Sarah Pritchard, deputy chief executive of the FCA, said: "We want the Buy Now Pay Later sector to thrive - it provides an important source of credit to many - and we will continue to support firms who want to develop innovative new products. But crucially, no one should be lent to if they're unable to repay, because that could worsen their financial situation. Now Parliament has given us the powers, we’re putting in place proportionate protections for the 11 million people who use it."
What is Buy Now, Pay Later?
Buy Now, Pay Later is a booming credit industry that has jumped from £60m of lending in 2017 to £13bn in 2024, according to the FCA. BNPL services allow consumers to spread the cost of what they are buying, instead of paying for a purchase all in one go.
The short-term instalments do not usually incur interest charges, but borrowers can be hit by significant late fees that are made more likely by the current lack of a requirement to run affordability checks on applicants. Financial education charity the Centre for Financial Capability commissioned research that found almost a quarter of BNPL debt incurred late repayment fees in the six months to December 2023.
Critics of the industry argue that as long as Buy Now, Pay Later is not regulated by the FCA, many consumers will find themselves largely unprotected when issues arise. Some may not even have realised that they were taking on debt in the first place.
BNPL is an increasingly popular system, with an estimated 11 million people in the UK having used BNPL in the last year, climbing by two million in the past three years, according to research carried out by the FCA. It is now commonplace to see big BNPL firms such as Clearpay or Klarna alongside standard payment options on online checkout pages.
The previous government announced plans to regulate BNPL as far back as 2021 and began a consultation period on new legislation in 2023, but the industry will remain unregulated until July.
What are the new Buy Now, Pay Later regulations?
From 15th July 2026, Buy Now, Pay Later firms will need to be FCA-authorised. In order to get FCA authorisation, they will need to offer customers:
- Clear information - Consumers will get key details about their agreement upfront, including when payments will be due, what the payment amounts are, and what happens if they miss a payment. However, as a result of changes made during the consultation process at the request of BNPL firms, customers will not be told about their withdrawal and cancellation rights in the credit agreement, their right to complain to the Financial Ombudsman Service (FOS), or the lender’s ability to directly take money from their account.

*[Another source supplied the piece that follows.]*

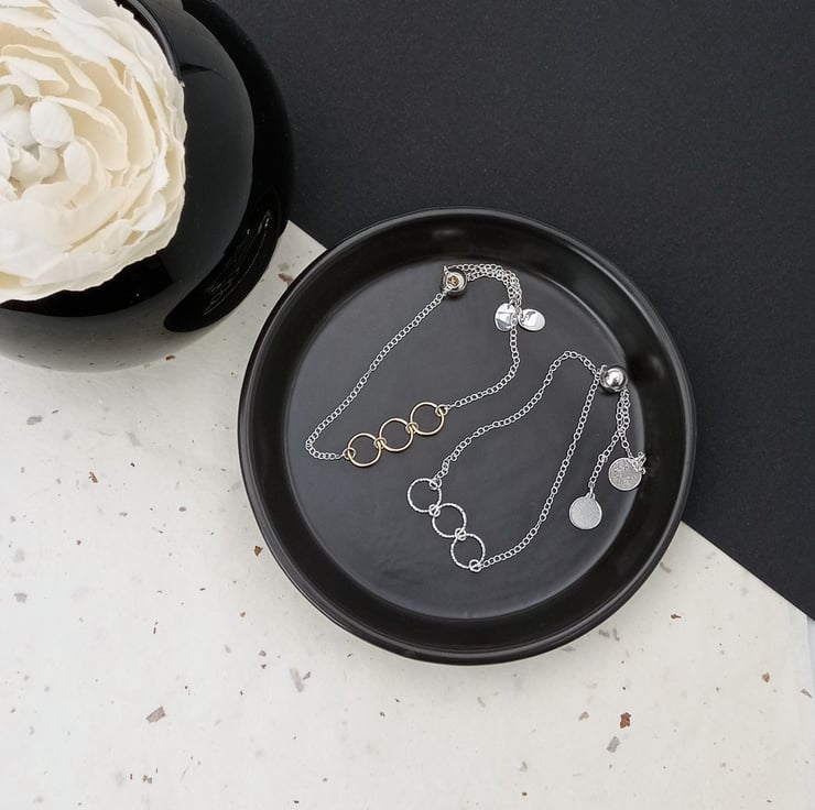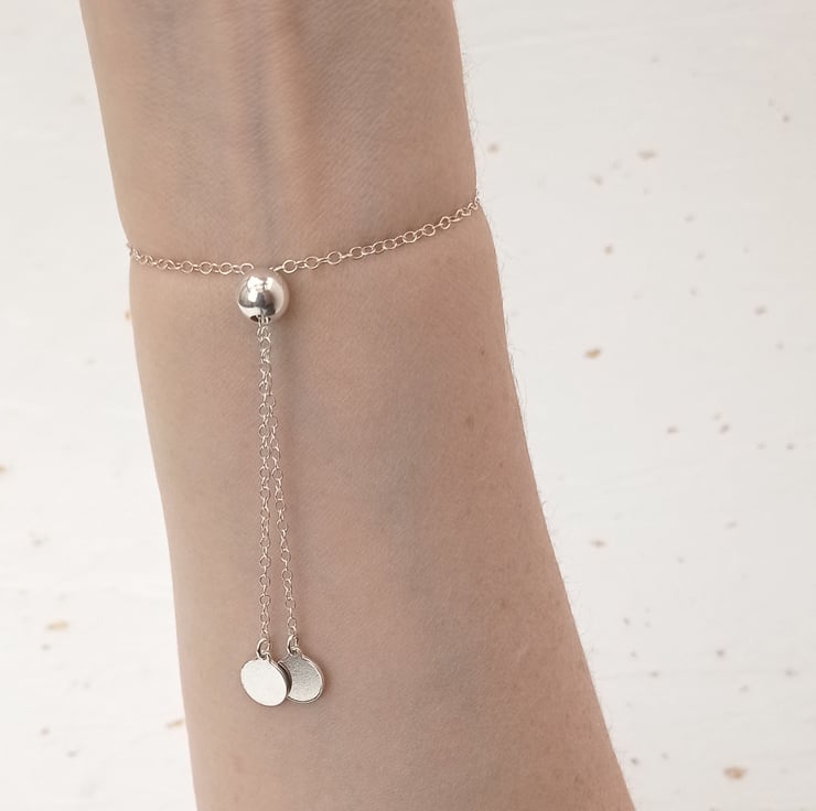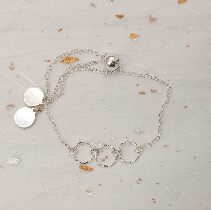 I have created this bracelet by attaching sterling silver rings to chain, with tags on the ends (all in sterling silver). The chain is held together with a sterling silver sliding bead, which enables the wearer to adjust the length of the bracelet. This piece is part of a collection of minimalist bracelets.
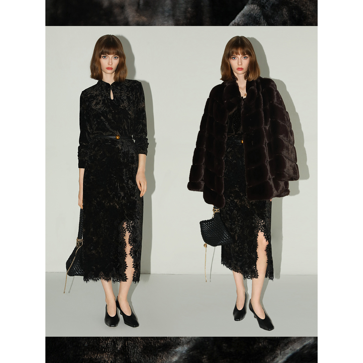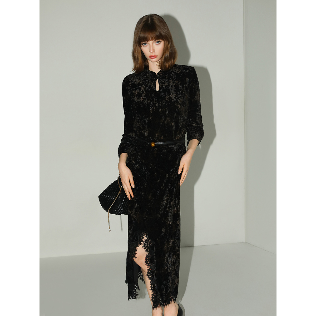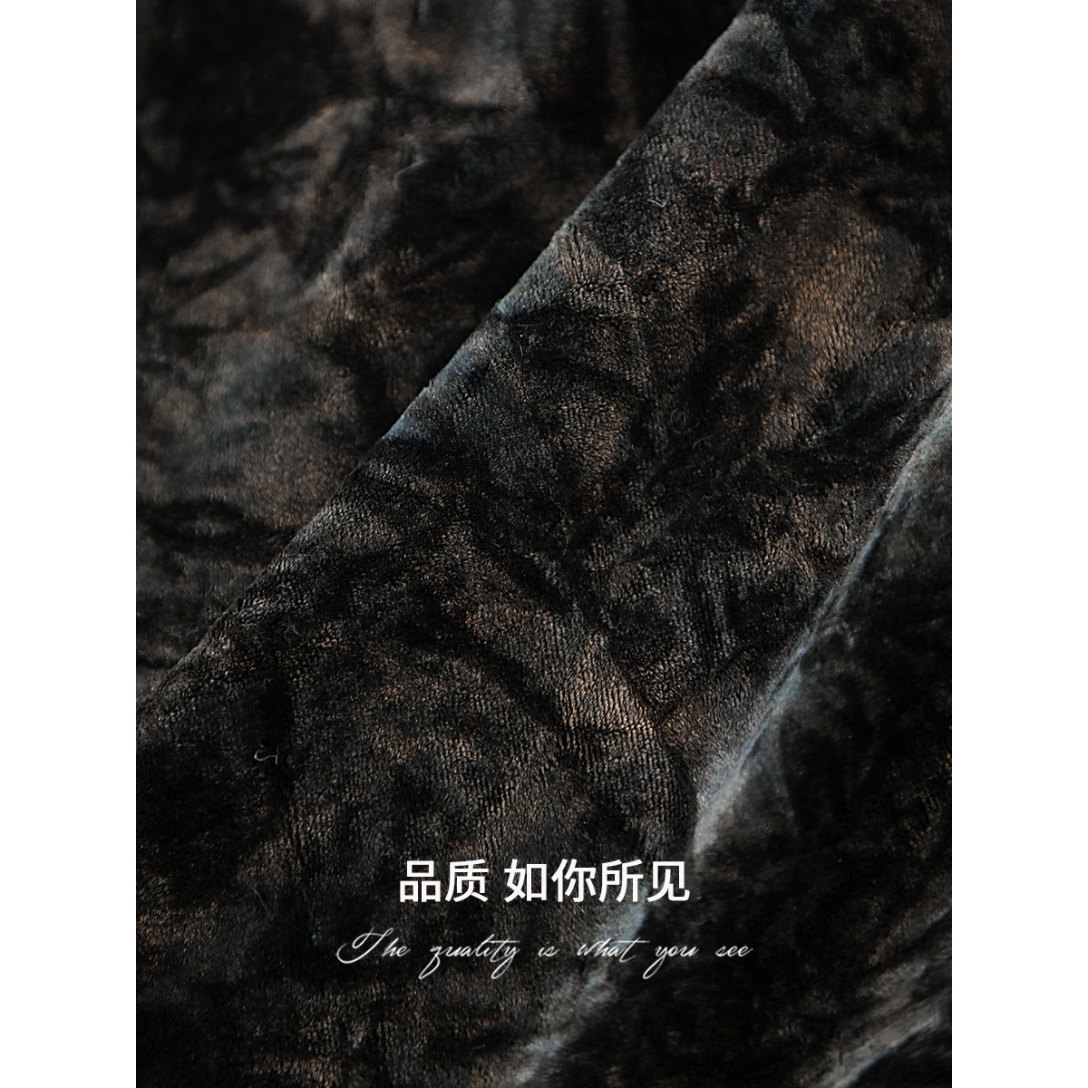 COCOBELLA新中式扎染丝绒半身裙秋冬国风拼接开叉半裙HS3073

- Affordability checks - Lenders will have to carry out "proportionate" affordability checks to ensure customers can afford to repay what they borrow. This will apply to every purchase of any value, not just when a customer first opens their account. However, the FCA has declined to set rules on how these affordability checks will work, instead issuing guidance and committing to monitoring firms' processes. This means BNPL affordability checks could vary from provider to provider.
- Complaints and compensation - Consumers will be able to complain to the Financial Ombudsman Service (FOS) if something goes wrong and the relevant BNPL provider is unable to resolve the issue. The FOS will determine if the customer has been treated fairly or not.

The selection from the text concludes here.